Something Solid and Unshakable
- By Clare Richards
"I slid my hand down and clasped the small pair of tweezers I’d placed in my pocket before leaving for work that morning. [...] A recent habit of mine. Big or small, holding a solid object put my mind at ease—as if its hardness was preparing me for something."
—from The Lake, by Kang Hwagil, translated by Clare Richards
Reading this section, each time I’m transported somewhere hostile. Walking down the wide street back to my old apartment in Seoul; in the heat my mask is like sandpaper and the bulging beads of sweat form patches on the fabric. The sun is not just hot, of course, it is bright, and I can see everything, all at once—every single flyer that has strayed from stacks randomly discarded instead of slotted in post-boxes, every mark, line and wrinkle on the face of every passerby, every fallen overripe persimmon, tomato-like as they ooze their contents onto the scorching concrete. Or perhaps it’s the assault of fifteen hand-dryers resounding in chorus beneath rows of lurid strip lights in London Victoria station. Maybe it’s the clawing of a label I forgot to unstitch from a new piece of clothing and it’s all I can think of. I slip my hand into my pocket, and tightly grasp whichever solid object I’ve placed there—a comb, lip gloss—anything as long as my fingers can stretch around it. I clutch so tight that my palm might merge with it. And so, if only temporarily, the sensory onslaught feels a little more bearable.
Throughout Kang Hwagil’s short story, “The Lake”—published in my translation in this winter’s issue of the Massachusetts Review—over and over, protagonist Jinyoung repeats this action of reaching down into her pocket and clasping the same pair of tweezers. Here, it is her attempt to allay a different kind of anxiety: the ubiquitous fear and self-doubt surrounding male violence, which looms and closes in like a dark cloud (this is also the central theme around which Kang builds tension and suspense in her Gothic thrillers). At the same time, it resonated so acutely with my experience of autistic anxiety: clutching onto something solid and unshakable in a world overwhelming and uncontrollable (the Intense World Theory, for instance, tells us that autistic people feel more, sense more, and perceive more). For an autistic person, the solid and unshakable may come in many forms: in something physical, like the grounding of a weighted blanket, in our carefully crafted routines and faithful adherence to them, or in the hyperfocus that comes when engaging with our special interests. These are the same very sensible and effective tools for regaining a sense of control and peace amidst overstimulation and overwhelm that are pathologized by researchers and clinicians alike as “ritualized behaviour” and “fixated interests.”
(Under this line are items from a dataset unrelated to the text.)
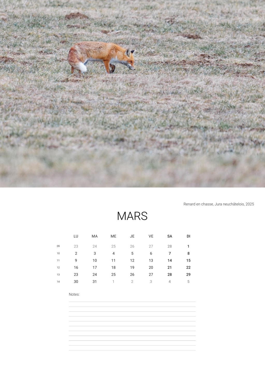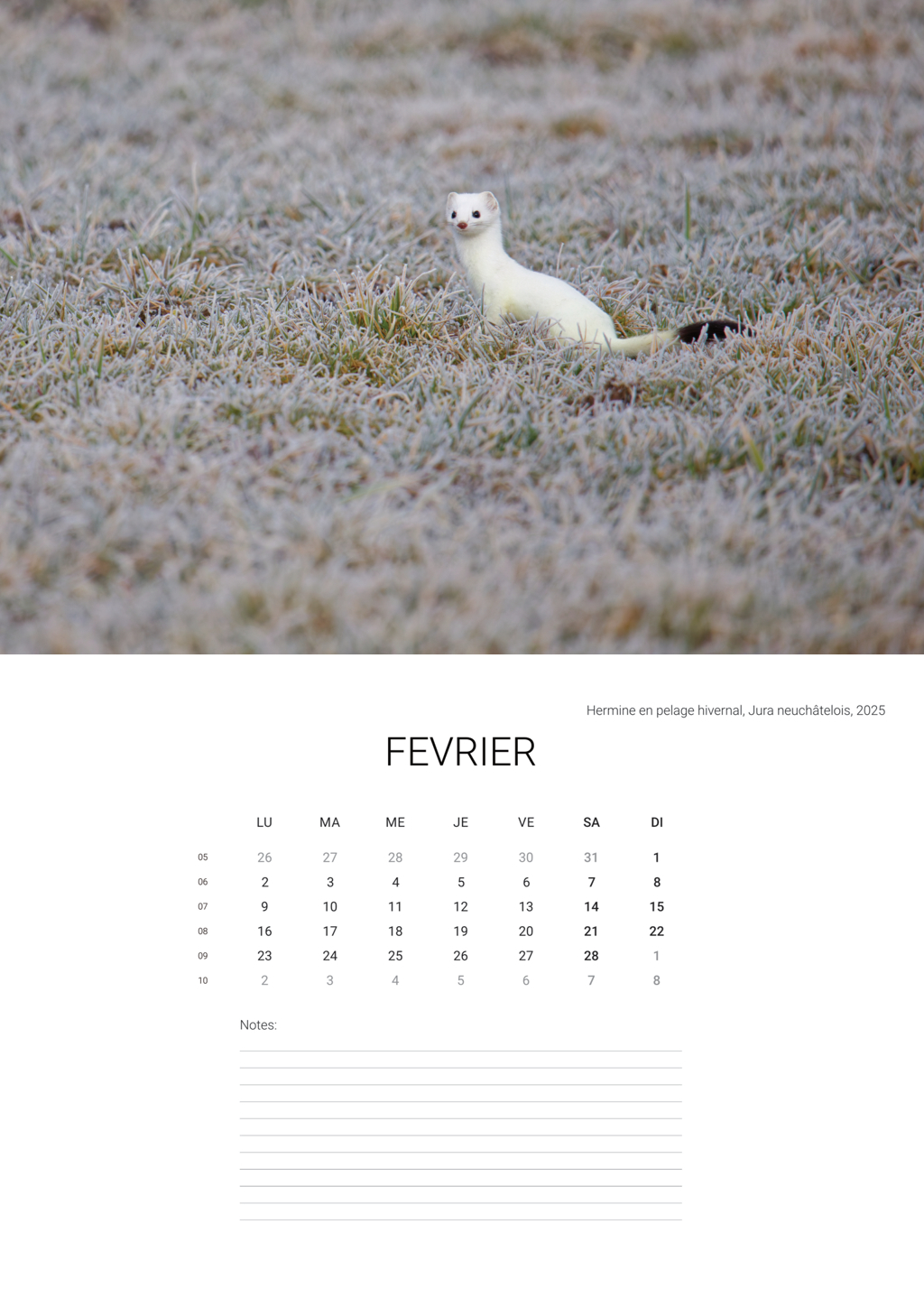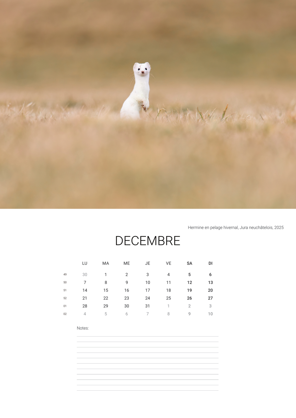 Discover the wildlife and landscapes of Switzerland and France with this 2026 calendar!
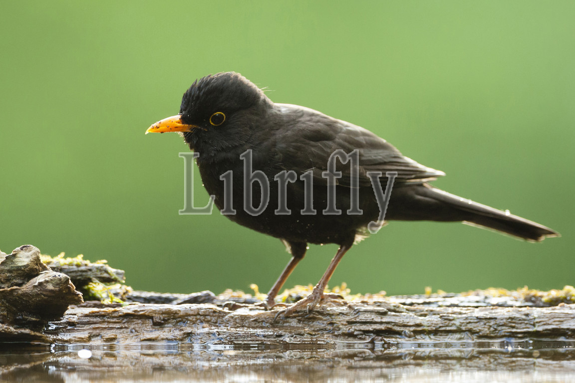 Eurasian Blackbird male standing at waterside, Hungary
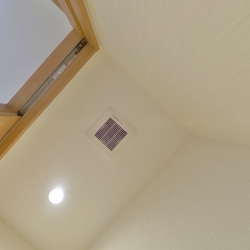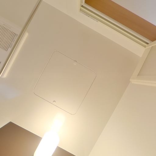 換気設備と天井照明(確度90%):天井に換気扇グリルとダウンライトが設置されている。
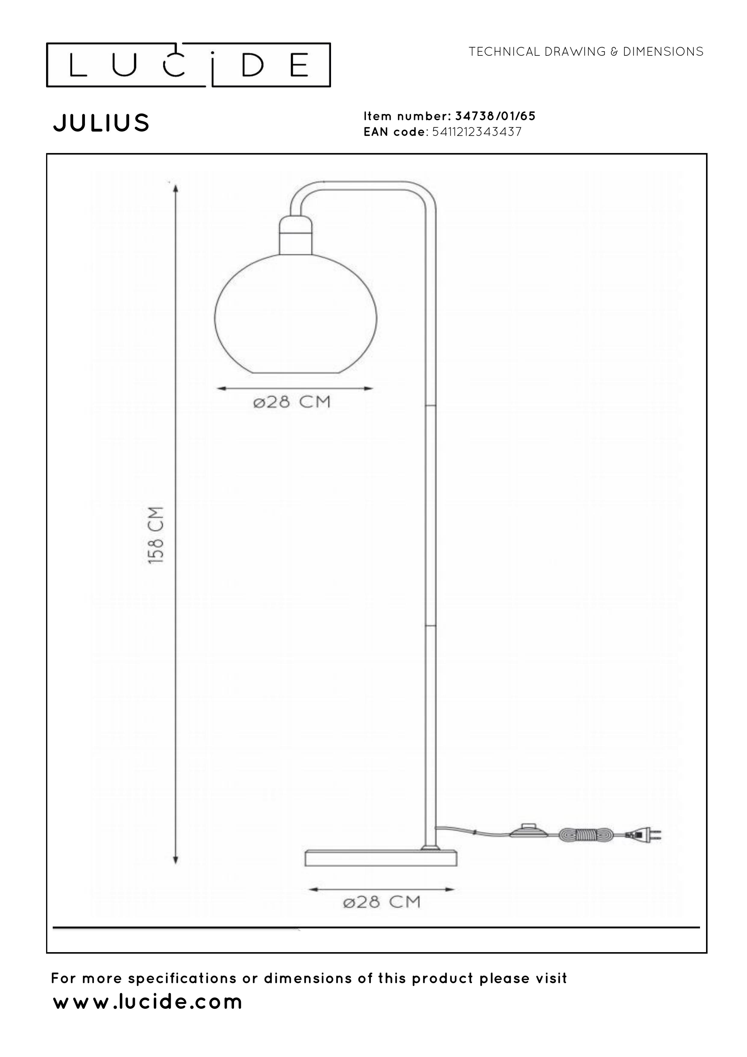 Lucide JULIUS - Lampadaire - Ø 28 cm - 1xE27 - Fumé
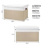 DETACHABLE DIVIDER - The toy box have a removable divider board. You can attach it by velcro, which is great for organizing different items separately, you can detach the divider for store bigger things, like blankets, large toys, etc. LARGE TOY BOXES - The size of toy chest is 26 x 17x 17 inches (66 x 43 x 43 cm), capacity more than 122 liters, large enough for large stuffed animals toys dolls. it Contrasting color design adds more beauty to your home’s decoration. LARGE CAPACITY - The closet storage box measures 18.9 x 11.02 x 7.87 inches / 48 x 28 x 20 cm, the capacity is larger than others, large capacity make them an excellent choice for keeping your space aesthetically pleasing, tidy, and well-organized. DURABLE & STURDY DESIGN - Closet bins made from premium linen fabric and thickened cardboard to ensuring sturdy structure and resistance to deformation, stackable and odorless, The delicate stitches contribute to the bins' durability, making them resistant to tearing. MULTI-PURPOSE - These baskets for closet organization can be used as shelves basket, wardrobe storage bins, closet organizers, under bed storage and storage for clothes, towels, blankets, sheets, children's toys, books, yarn, crafts supplies, pet products and more.
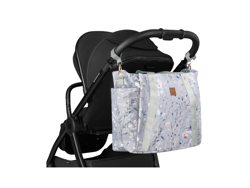 Štýlová prebaľovacia taška umožňuje prehľadné uloženie všetkého potrebného na prechádzky a výlety s vašim dieťaťom. Nastaviteľné držadlá umožňujú nosiť tašku aj ako batoh na chrbte. Klipy umožňujú zavesenie na madlá kočíka.
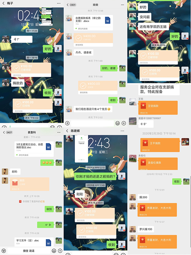 為打贏疫情防控阻擊戰(zhàn),積極響應(yīng)黨中央對廣大黨員的號召,3月4日,綠之韻集團(tuán)黨委組織廣大黨員同志,自愿捐款支持新冠肺炎疫情防控工作。此次捐款尊重黨員意愿,堅持自覺自愿、量力而行,不提硬性要求,不搞強迫命令,普通黨員捐款一般不超過100元,倡導(dǎo)黨員同志根據(jù)實際情況表達(dá)愛心。廣大黨員同志接到捐款倡議后,踴躍參與,在現(xiàn)場根據(jù)文明“一米線”原則進(jìn)行捐款,在家中值守和線上輪班的黨員通過微信轉(zhuǎn)賬的方式進(jìn)行捐款。
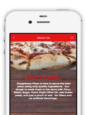 When youre hungry, the last thing you want to do is wait on hold, repeat your credit card number and get disconnected. With the Doughboys Pizza app, ordering to-go has never been easier. All you do is order your favorites, share any special instructions and even tip in seconds. Plus, all of your orders will be saved in your profile for future reference.
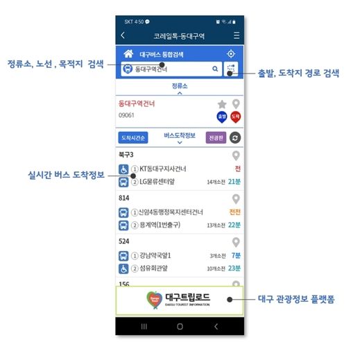 동대구역을 비롯한 대구광역시의 3개 철도역 인근 버스정류소를 이용하는 버스 승객은 하루 평균 약 1만 4천 명에 달하며, 이번 서비스로 인해 이들이 더욱 쉽게 대중교통정보를 활용할 수 있게 됐다.
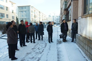 2015年12月14日,由呼市住房保障和房屋管理局老舊小區(qū)改造辦公室、玉泉區(qū)社區(qū)辦、博洋天成設計院房屋結構設計公司相關負責人組成調研組來我院家屬區(qū)實地考察老舊小區(qū)改造工程項目進展情況以及小區(qū)申請的增加改造項目。學院后勤保衛(wèi)處、家屬區(qū)管委會和小區(qū)改造施工方內蒙古盈利宏建筑安裝有限責任公司主要負責人陪同考察。
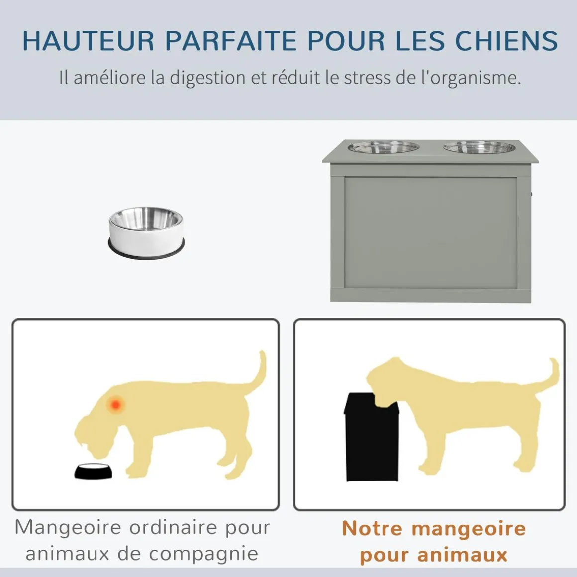 – Porte-gamelles surélevé idéal pour améliorer le confort et bien-être de votre chien lorsqu’il s’alimente ou boit
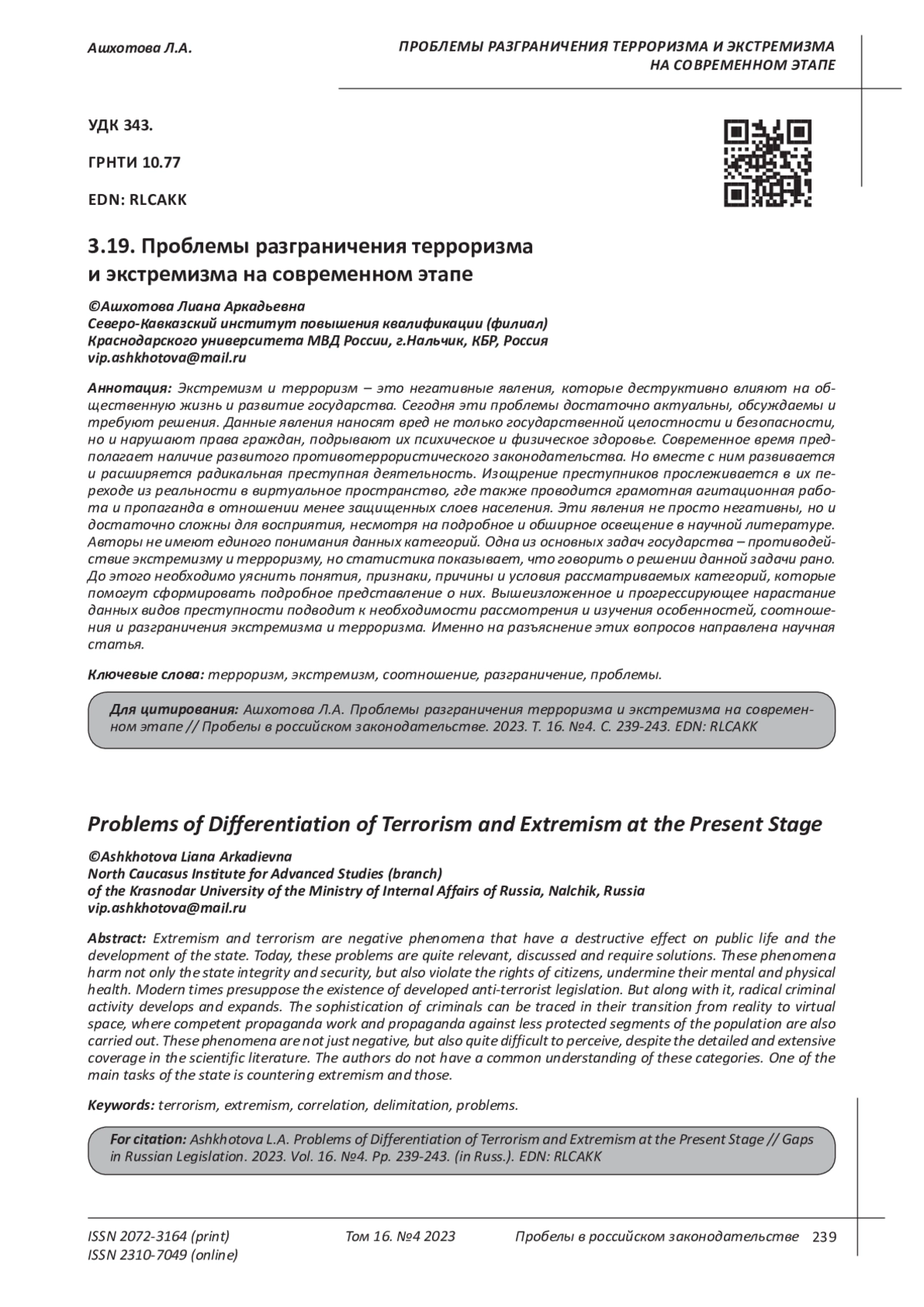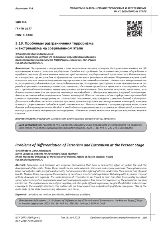 Gedugoshev R.R. International cooperation in law enforcement on countering extremism and terrorism /R.R. Gedugoshev, E.V. Kuznetsova, T.B. Vasilyeva // Journal of Applied Research. - 2021. - №4. - Р. 77-80.
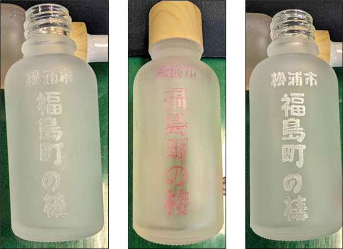 レーザーの出力を、アクリル彫刻用、ガラス彫刻用や金属加工用のマーキング剤を使用したり、アクリル絵の具で色付けしたりと試していきました。
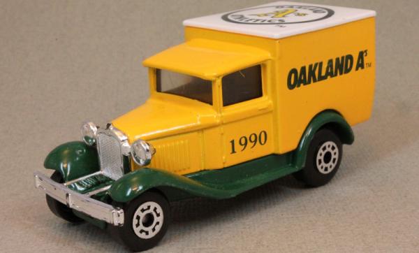 Body yellow, green chassis, white smooth roof, KG license plate, OAKLAND A's deco
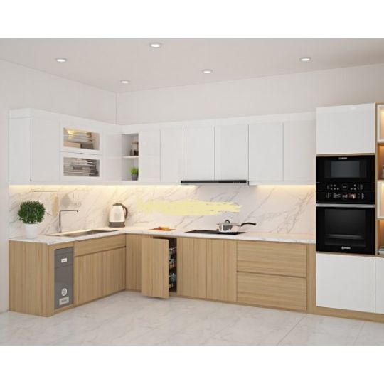 - Giá thành phải chăng: So với tủ bếp gỗ tự nhiên, tủ bếp gỗ Melamine có chi phí thấp hơn, phù hợp với nhiều gia đình muốn có một giải pháp nội thất đẹp mắt nhưng tiết kiệm.

You could say that translation is my “solid and unshakable.” My first step to a career in literary translation overlapped precisely with my autism diagnosis aged twenty-eight. Repeated failed forays out of the isolation of academia into the “ordinary”—later, I would come to realize, ableist—world of work left both my mind and body in pieces. I had begun to think I would never be able to hold down a job at all, and mine is far from an isolated case, with 2021 statistics showing that only 29% of autistic people in the UK are in paid employment[1]. It was this inability to cope, with what others seemed to handle as if it was nothing, that eventually led me to read more and more about how entrenched gender bias in research had allowed generations of women on the spectrum to “slip under the radar.” At the same time, a colleague at the Korean Cultural Centre in London told me about the Literature Translation Institute of Korea’s scholarship program, and the prospect of a career translating, however precarious, felt like a light at the end of the tunnel.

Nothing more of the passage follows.